Screening of ionic liquids for CO2 capture using the COSMO-SAC model

Abstract

In this work, we develop a simple method that can be used to screen for the ionic liquid (IL) candidates for use in various CO2 capture processes. In particular, Henry׳s law constant, an important physical quantify determining the capacity and selectivity of CO2 absorption, is determined from the product of infinite dilution activity coefficient (IDAC) of a gas molecule in an IL and the fugacity of the gas in a hypothetical liquid state. The IDAC is calculated using the predictive COSMO-SAC activity coefficient model, where the interaction between the gas and the IL are determined through the screening charges on the molecular surfaces obtained from quantum mechanical solvation calculations.

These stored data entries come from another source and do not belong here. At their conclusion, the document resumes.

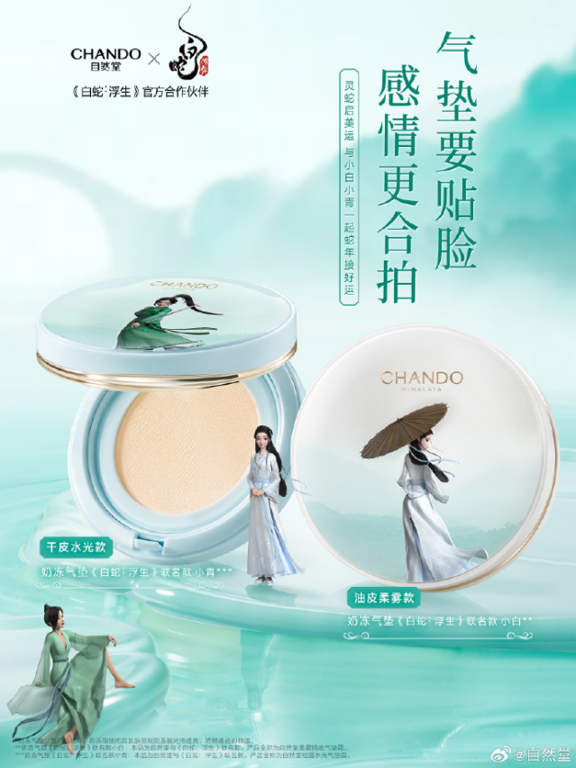 在2024年,《白蛇3:浮生》不僅打破了七夕檔期動(dòng)畫電影的累計(jì)票房紀(jì)錄,而且白蛇IP還借此機(jī)會(huì)與金石盟珠寶、北京一卡通、YHD羊很大、芬蘭珠寶FEO等眾多品牌合作推出聯(lián)名產(chǎn)品。隨著蛇年?duì)I銷活動(dòng)的啟動(dòng),《白蛇3:浮生》迎來了聯(lián)名產(chǎn)品的“第二春”。自然堂與《白蛇3:浮生》的聯(lián)名款氣墊推出后,緊接著“自然堂蛇年生肖禮盒”也相繼問世。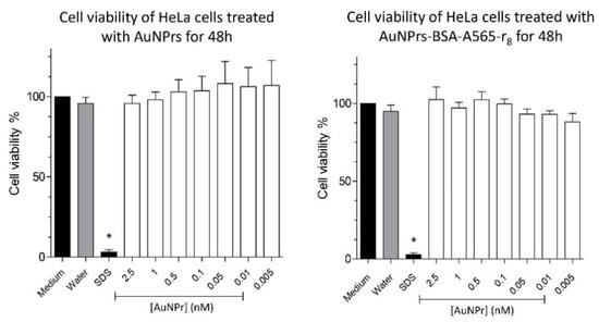 AuNPrs were functionalized with PEG-COOH to increase their colloidal stability [86] and subsequently coated with BSA-A565-r8 (AuNPr-BSA-A565-r8). Figure 5 shows cell viability of HeLa cells treated with AuNPrs and AuNPr-BSA-A565-r8 at the 0.005–2.5 nM range. As expected, neither AuNPrs nor AuNPrs-BSA-r8 showed any effect on HeLa cell viability after 48 h of treatment by MTS assay. Flow cytometry also showed non-effect of AuNPrs-BSA-r8 1 nM in the HeLa cells after 24 h of incubation (Supplementary Section 5, Figure S6). This null effect on cell viability of AuNPrs was previously demonstrated in studies such as those of Alfranca et al. and Bao et al., using Vero cells and HT-29 cells at 72 h, respectively [29,87]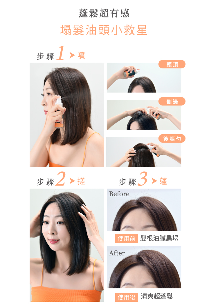✧用法:於洗髮後擦乾頭髮,將本產品噴於頭皮,並以指腹輕揉按摩,再以吹風機吹乾即可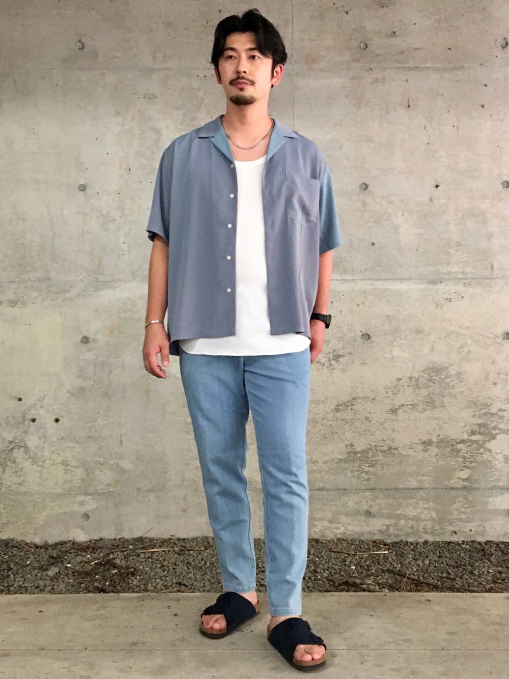 淡色ルード風 ご覧頂きありがとうございます。 ボーラーシャツのような雰囲気に合わせて男らしく。 同色の切り替えがさりげないオープンカラーシャツ。 涼しい着心地です。 アイテム詳細も是非ご覧下さい。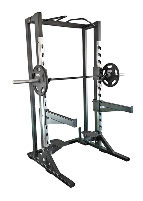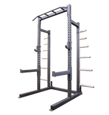 The YORK® Half Rack comes standard with a pull-up bar, bar holders, bench stringer, and more.
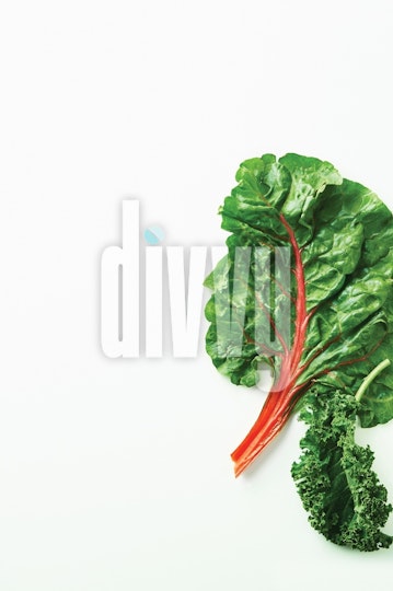 A kale leaf and a chard leaf with a red stem overlap on a white surface.
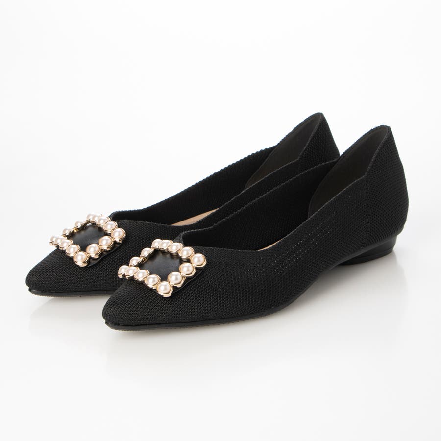 ソフトニットV カットパールバックルパンプス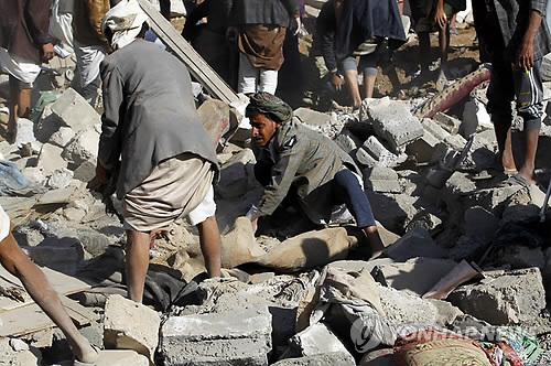 | △ epa04679307 Yemenis search for survivors under the rubble of houses that allegedly were destroyed by a Saudi air strike, in Sana'a, Yemen 26 March 2015. Saudi Arabia and other Gulf states launched air strikes against Houthi rebels which have taken over large parts of Yemen, attacking the Sana'a military Airport and Jiraf area, a Houthi stronghold. The strikes were 'in support of the people of Yemen and their legitimate government,' Saudi Arabia's Washington ambassador Adel al-Jubeir said. The military operation by a 'coalition of over 10 countries' was in response to an appeal from embattled Yemeni President Abdo Rabbo Mansour Hadi, al-Jubeir said. EPA/YAHYA ARHAB |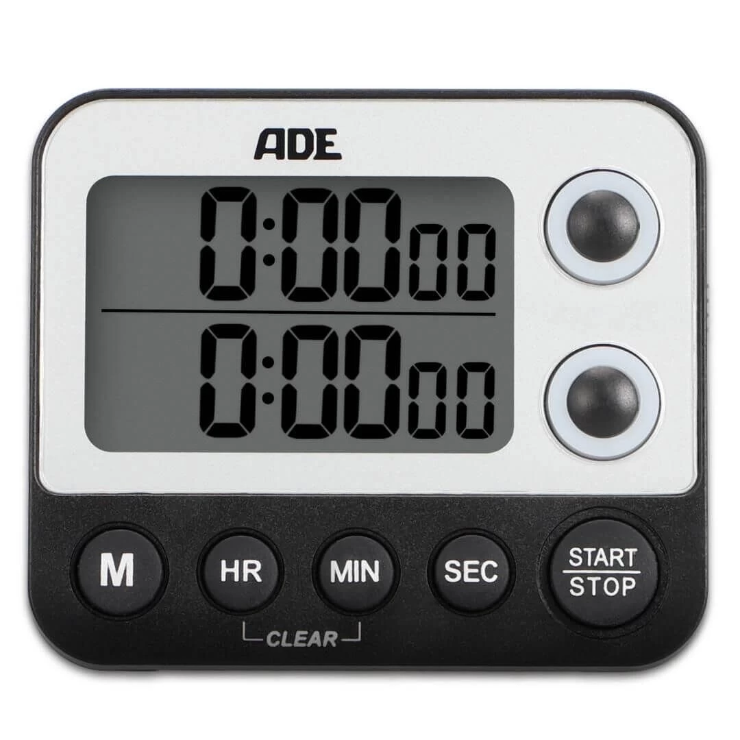 U kunt de digitale kookwekker van ADE instellen tot 100 uur. Zodra de tijd is verstreken, geeft de wekker een visueel signaal. Daarbij kunt u optioneel een akoestisch geluidsalarm instellen op twee verschillende volumeniveaus. Naast kookwekker kunt u het design tevens gebruiken als stopwatch.
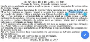 Araújo que é da base do governo e possui uma penca de cargos na máquina pública, é o autor da lei 5.825 de abril de 2017 que dispõe sobre a realização de perícia anual a pontes e viadutos do DF. Na época, a lei foi vetada pelo governador, mas o deputado Joe Vale, presidente da Câmara, derrubou o veto e promulgou a lei.
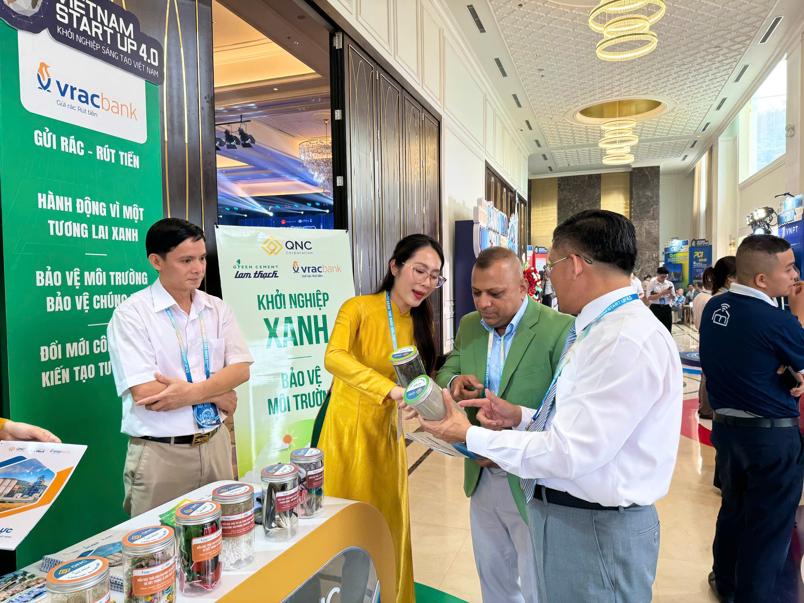Tại gian hàng trưng bày, QNC giới thiệu các mẫu rác

We have developed a simple model for the fugacity of 4 gas molecules, including CO2, CH4, N2 and H2, and examined the solubility, selectivity, and the temperature dependency of solubility. The predicted results for Henry׳s law constant of CO2 in ILs are in good agreement with experimental data (53 data points) over a wide range of temperatures (from 283K to 303K), with an average absolute relative deviation (ARD) of 17%. This method is used to screen for the best IL candidates for CO2 capture from a set of 2080 ILs combined from 65 cations and 32 anions. The computational time used for screening for this set of IL is less than 3min on a personal computer. Our results show that the COSMO-SAC model can be a powerful method for the design and screening of new ILs as a medium for CO2 capture.